So, as we used to say in the corporate world, the take-aways from this experience are:
# Make sure there is plenty of light for the seedlings or they get leggy and fall over.
# Many of the seedlings had the seedpod stuck to the top of the first leaves so I need to make sure to plant the seeds a little deeper so the soil will hold the seedpod while the leaves drag themselves clear.
# I think I started the first seedlings about a week too soon, although winter did hang on all the way to the average last-frost day this year.
# Those little bitty seed starter trays are just too small. I had roots dangling from nearly every one of them and the seedlings needed to be repotted long before I could get them in their permanent growing beds. Next time I will start seeds in nothing smaller than 3" pots.
So where do things stand now?
I have the 4 best looking tomato starts planted in 14" pots, one each, and I have to say they look a little pathetic and lonely. Since they had already been transplanted once from those little tiny seed starters into a 3" peat pot, I just tore off the bottom of the pot, twisted it down tight into the soil in the larger pot then filled the pot up around it. My thinking is that the roots will readily continue to grow down into the larger pot but I have minimized the trauma of transplanting. We'll see.

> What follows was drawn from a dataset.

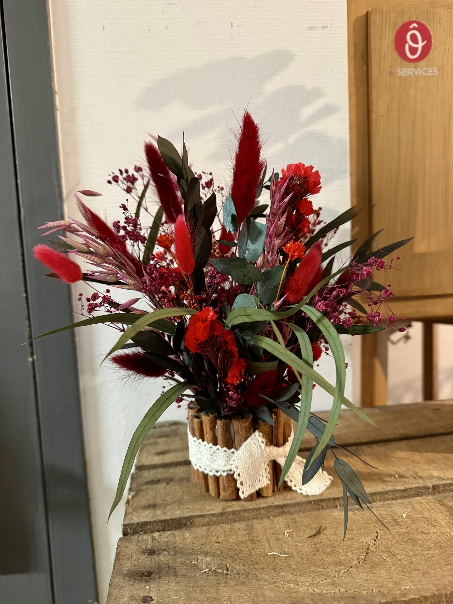Vase en cannelle + fleurs séchée et stabilisé.

After planting batch 2 of carrots but before thinning batch 1 |
I have a half grow-box each of Swiss Chard, Buttercrunch lettuce, Bronze Mignonette lettuce, and spinach seeds started. (Or at least in the ground. I won't know if they're going to actually 'start' for a while.)
Preparing a tomato for planting in a large pot |
I have two more grow boxes filled with soil and ready to go and should sort through the squash and cucumber seeds and get them going soon, but things have just been a little busy.
Oh, and I'm working on getting that dang mobile greenhouse built so I have a protected place to put all this stuff!